ACTION ITEM:
Output begins at the line with "GROHE 36324001 - Robinet" and ends at the last line of the records below. Copy each line in that span exactly, and leave out pictures.

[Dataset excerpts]
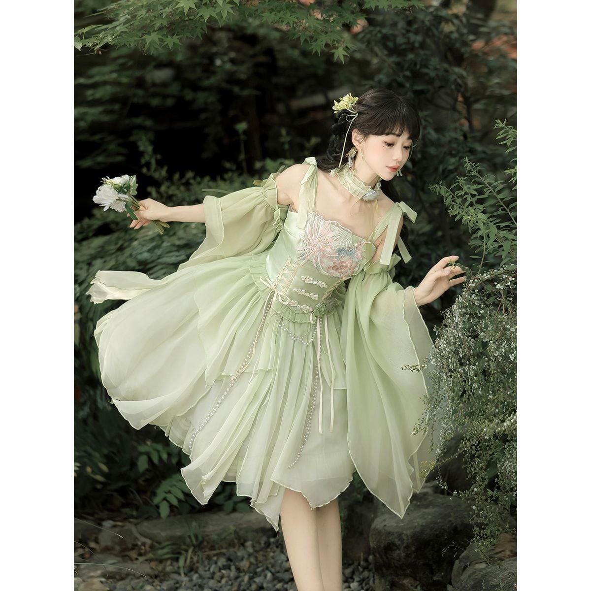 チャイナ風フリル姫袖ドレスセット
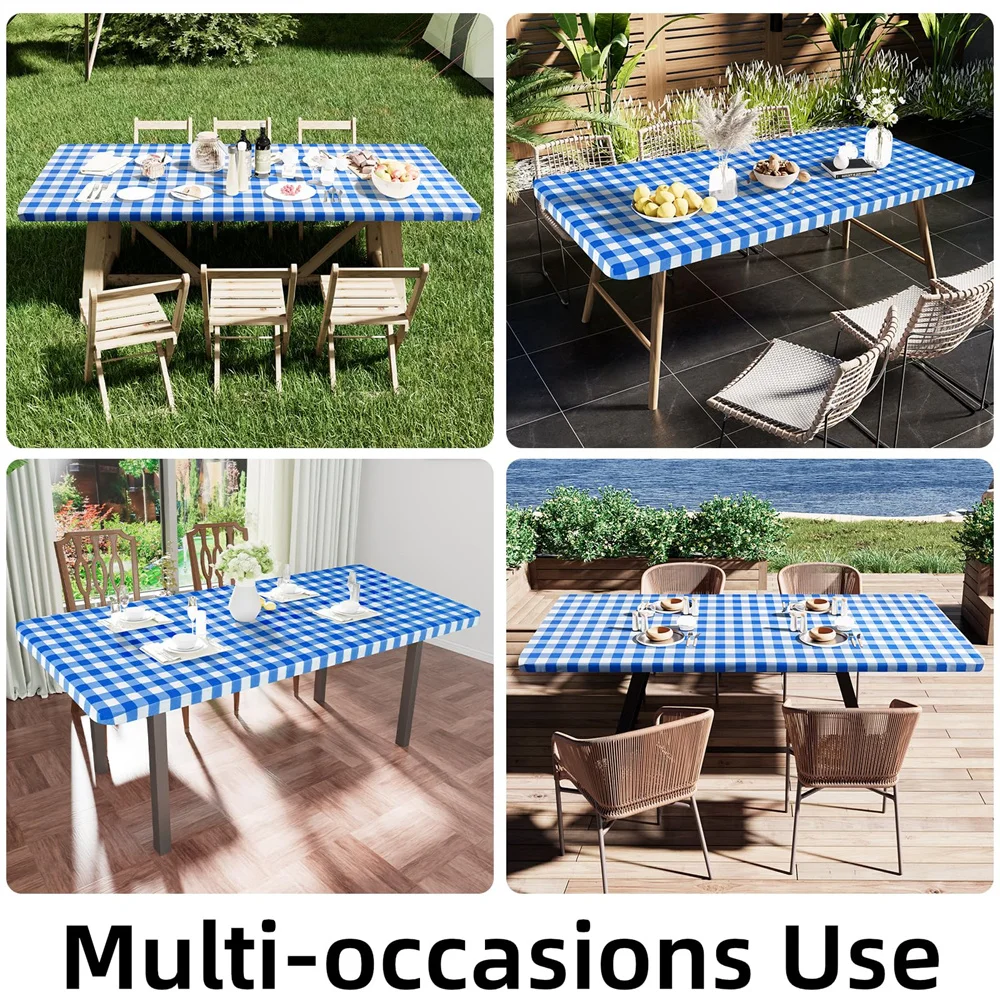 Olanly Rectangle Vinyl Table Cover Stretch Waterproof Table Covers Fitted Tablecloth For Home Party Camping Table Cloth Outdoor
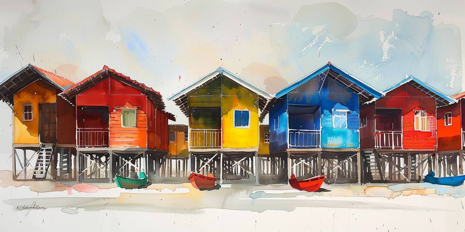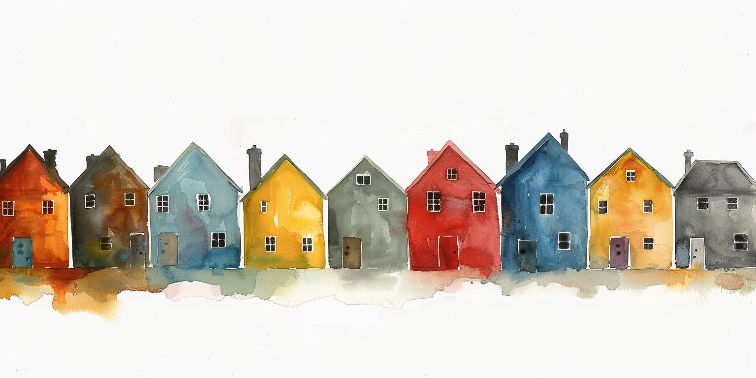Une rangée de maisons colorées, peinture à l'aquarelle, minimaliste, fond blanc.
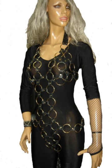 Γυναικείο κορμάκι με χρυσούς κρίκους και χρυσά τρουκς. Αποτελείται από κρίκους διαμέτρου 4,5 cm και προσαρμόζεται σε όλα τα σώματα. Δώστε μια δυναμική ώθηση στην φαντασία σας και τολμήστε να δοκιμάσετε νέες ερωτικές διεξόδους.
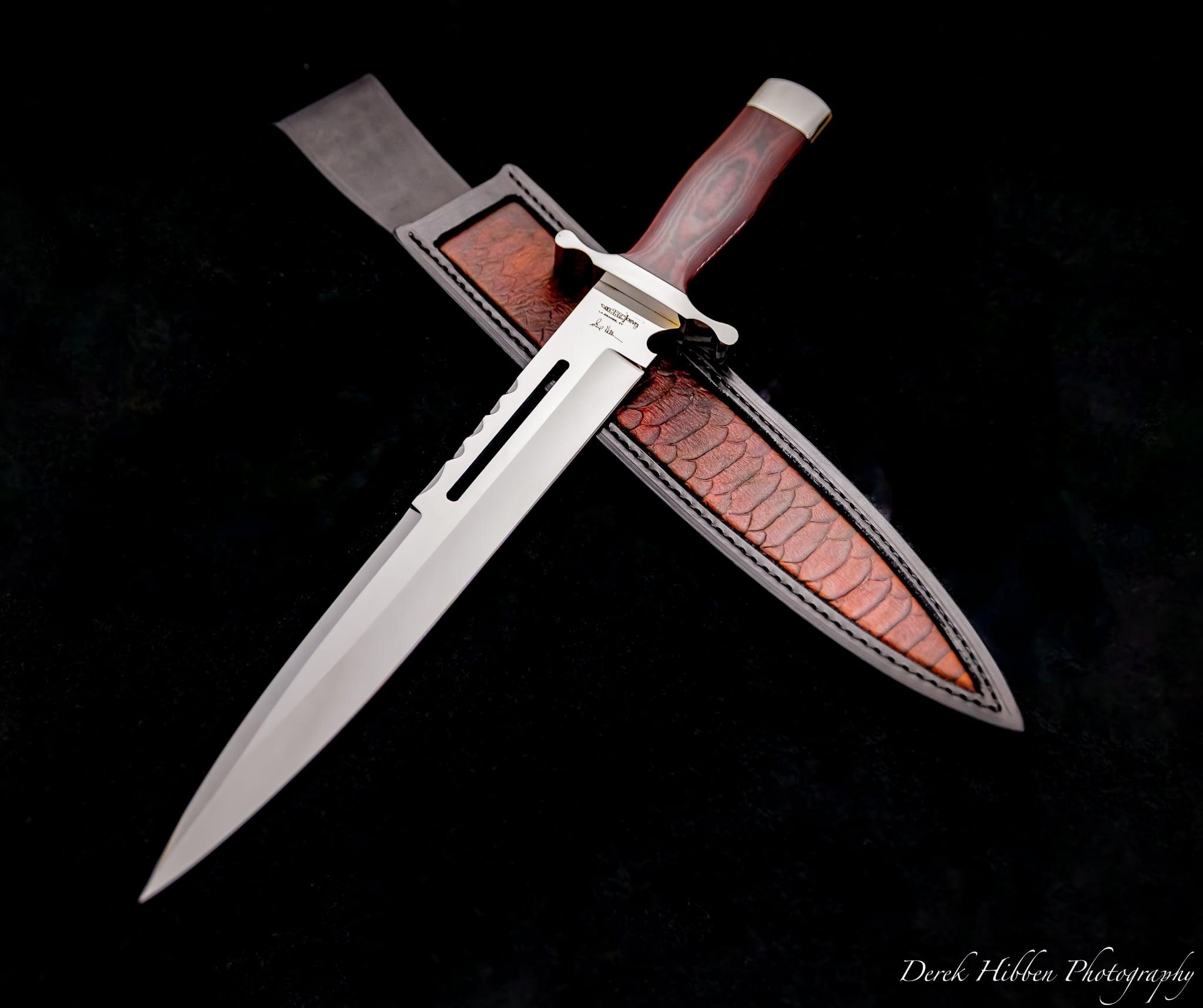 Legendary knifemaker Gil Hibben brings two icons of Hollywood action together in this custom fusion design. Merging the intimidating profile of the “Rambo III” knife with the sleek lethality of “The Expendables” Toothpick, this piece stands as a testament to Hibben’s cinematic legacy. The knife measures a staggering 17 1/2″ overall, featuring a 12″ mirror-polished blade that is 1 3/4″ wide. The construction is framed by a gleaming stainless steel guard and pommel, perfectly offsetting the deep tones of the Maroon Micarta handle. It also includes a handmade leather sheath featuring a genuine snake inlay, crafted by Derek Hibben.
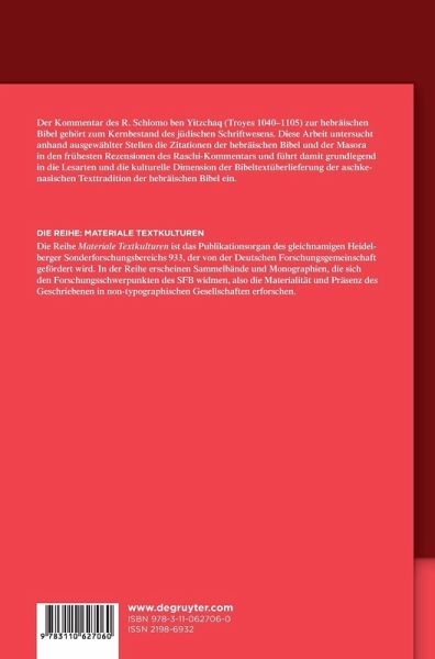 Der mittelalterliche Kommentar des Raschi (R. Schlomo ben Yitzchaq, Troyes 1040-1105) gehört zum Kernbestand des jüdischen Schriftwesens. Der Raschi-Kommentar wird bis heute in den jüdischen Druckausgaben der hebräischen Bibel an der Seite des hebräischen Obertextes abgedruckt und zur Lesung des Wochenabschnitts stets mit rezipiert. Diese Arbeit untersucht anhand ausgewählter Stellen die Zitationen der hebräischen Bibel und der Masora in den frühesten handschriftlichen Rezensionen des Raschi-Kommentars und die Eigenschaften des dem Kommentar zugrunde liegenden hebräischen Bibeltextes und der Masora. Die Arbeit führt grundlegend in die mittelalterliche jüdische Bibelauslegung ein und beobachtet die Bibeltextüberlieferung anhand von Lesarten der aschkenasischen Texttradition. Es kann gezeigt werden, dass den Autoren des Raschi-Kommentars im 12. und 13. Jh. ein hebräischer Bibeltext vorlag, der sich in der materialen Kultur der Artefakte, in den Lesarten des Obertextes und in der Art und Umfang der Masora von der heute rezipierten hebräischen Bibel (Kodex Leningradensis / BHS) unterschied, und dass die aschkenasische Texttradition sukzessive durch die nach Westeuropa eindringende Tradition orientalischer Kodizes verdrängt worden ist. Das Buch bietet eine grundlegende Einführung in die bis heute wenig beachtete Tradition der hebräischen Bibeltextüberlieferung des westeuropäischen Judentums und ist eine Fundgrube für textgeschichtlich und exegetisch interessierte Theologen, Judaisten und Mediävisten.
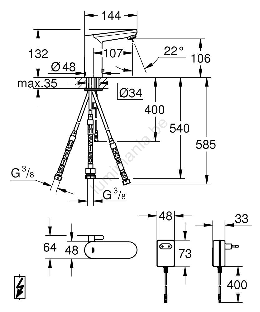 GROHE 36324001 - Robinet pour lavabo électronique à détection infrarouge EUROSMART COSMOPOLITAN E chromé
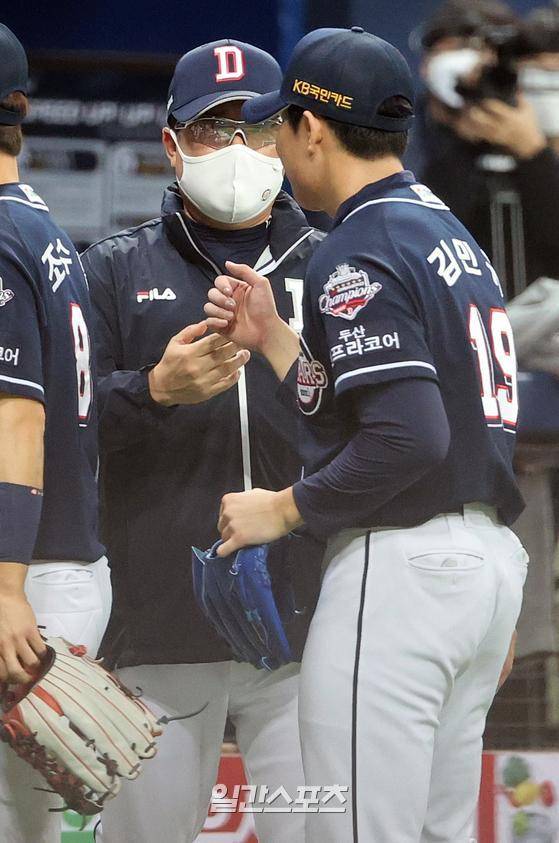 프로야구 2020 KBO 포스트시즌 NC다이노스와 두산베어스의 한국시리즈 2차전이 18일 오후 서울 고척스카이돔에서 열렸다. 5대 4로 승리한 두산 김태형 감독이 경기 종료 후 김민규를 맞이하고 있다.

SOLVED EXERCISE:
 GROHE 36324001 - Robinet pour lavabo électronique à détection infrarouge EUROSMART COSMOPOLITAN E chromé
 프로야구 2020 KBO 포스트시즌 NC다이노스와 두산베어스의 한국시리즈 2차전이 18일 오후 서울 고척스카이돔에서 열렸다. 5대 4로 승리한 두산 김태형 감독이 경기 종료 후 김민규를 맞이하고 있다.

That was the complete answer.